EXERCISE DIRECTIONS:
Retype, word for word, each line between the lines holding "Në një postim" and "Large format 4x5", inclusive, and leave the rest of the data alone.

DATA IN THIS EXERCISE:
--------------------

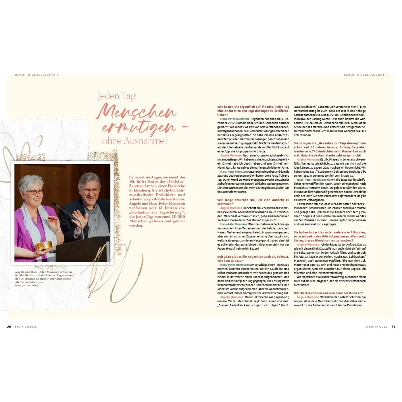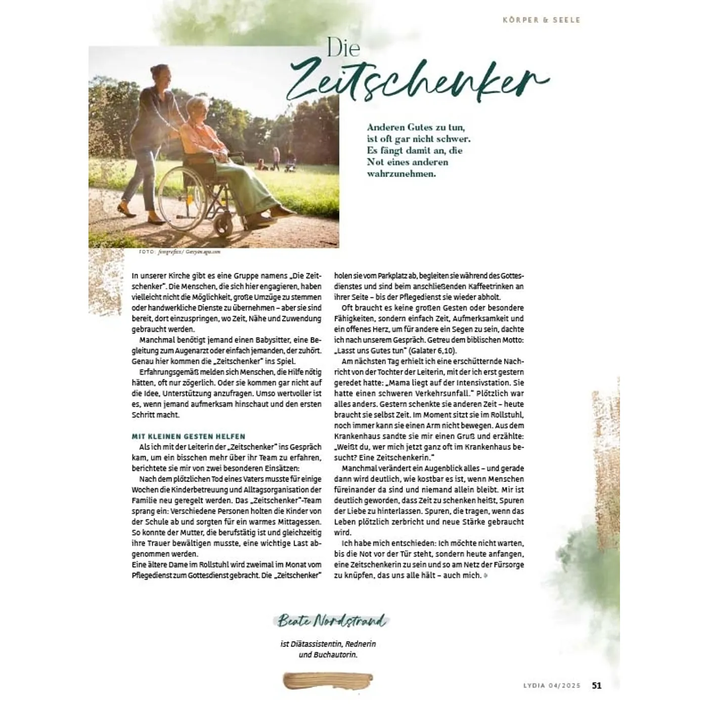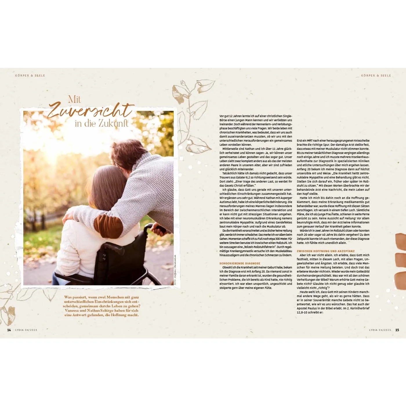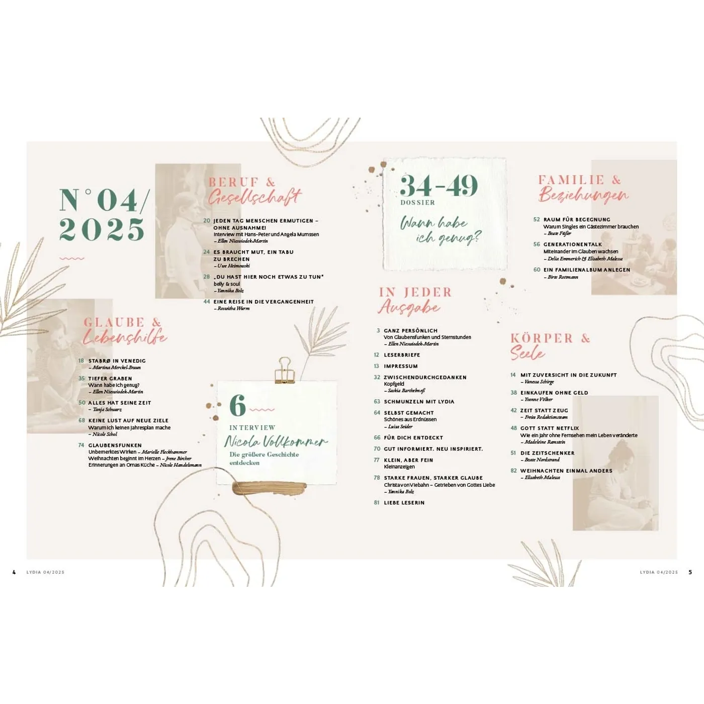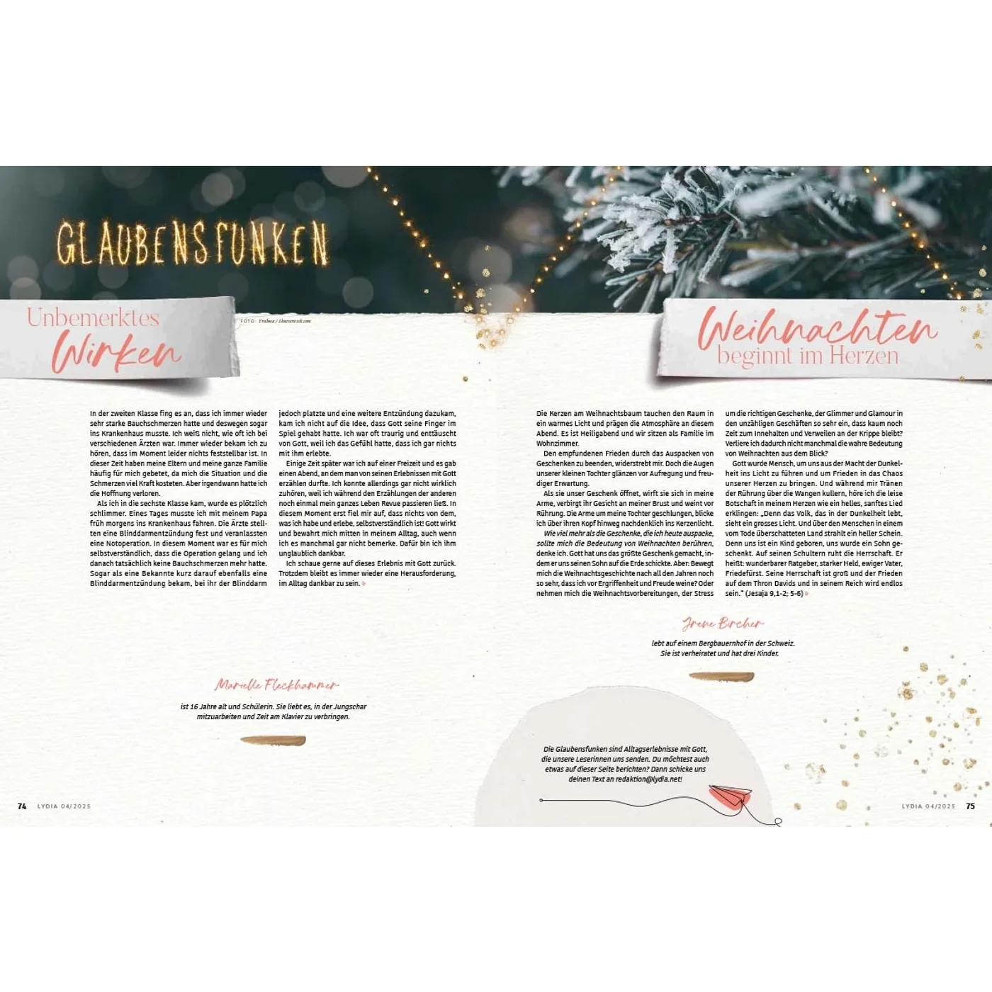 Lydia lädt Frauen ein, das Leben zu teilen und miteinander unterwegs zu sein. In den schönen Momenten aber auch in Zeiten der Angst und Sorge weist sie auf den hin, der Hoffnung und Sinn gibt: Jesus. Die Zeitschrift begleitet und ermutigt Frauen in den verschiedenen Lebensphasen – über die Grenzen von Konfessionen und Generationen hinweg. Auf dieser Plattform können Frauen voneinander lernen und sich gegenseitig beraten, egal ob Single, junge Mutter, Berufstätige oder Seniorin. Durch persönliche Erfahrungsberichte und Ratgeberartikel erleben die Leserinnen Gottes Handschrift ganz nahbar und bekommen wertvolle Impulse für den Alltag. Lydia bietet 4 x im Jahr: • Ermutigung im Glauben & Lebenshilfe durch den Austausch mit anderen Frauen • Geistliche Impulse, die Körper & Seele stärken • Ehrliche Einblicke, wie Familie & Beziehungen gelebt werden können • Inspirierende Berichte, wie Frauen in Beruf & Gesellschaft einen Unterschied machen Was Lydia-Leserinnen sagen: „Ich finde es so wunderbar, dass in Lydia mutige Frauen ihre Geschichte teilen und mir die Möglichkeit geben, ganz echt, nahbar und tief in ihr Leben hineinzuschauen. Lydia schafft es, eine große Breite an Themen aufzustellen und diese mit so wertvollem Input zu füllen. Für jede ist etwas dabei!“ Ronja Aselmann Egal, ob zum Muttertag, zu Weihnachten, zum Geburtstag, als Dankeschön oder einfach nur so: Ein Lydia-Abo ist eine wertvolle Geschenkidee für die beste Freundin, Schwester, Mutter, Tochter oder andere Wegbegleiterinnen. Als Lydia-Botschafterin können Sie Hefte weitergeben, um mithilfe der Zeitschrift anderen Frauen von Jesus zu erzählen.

--------------------

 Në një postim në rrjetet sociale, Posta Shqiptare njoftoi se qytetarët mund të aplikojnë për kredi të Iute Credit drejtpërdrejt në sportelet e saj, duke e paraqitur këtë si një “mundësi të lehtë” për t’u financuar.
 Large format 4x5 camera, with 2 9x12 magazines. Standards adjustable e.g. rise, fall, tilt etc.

--------------------

FINISHED TASK:
 Në një postim në rrjetet sociale, Posta Shqiptare njoftoi se qytetarët mund të aplikojnë për kredi të Iute Credit drejtpërdrejt në sportelet e saj, duke e paraqitur këtë si një “mundësi të lehtë” për t’u financuar.
 Large format 4x5 camera, with 2 9x12 magazines. Standards adjustable e.g. rise, fall, tilt etc.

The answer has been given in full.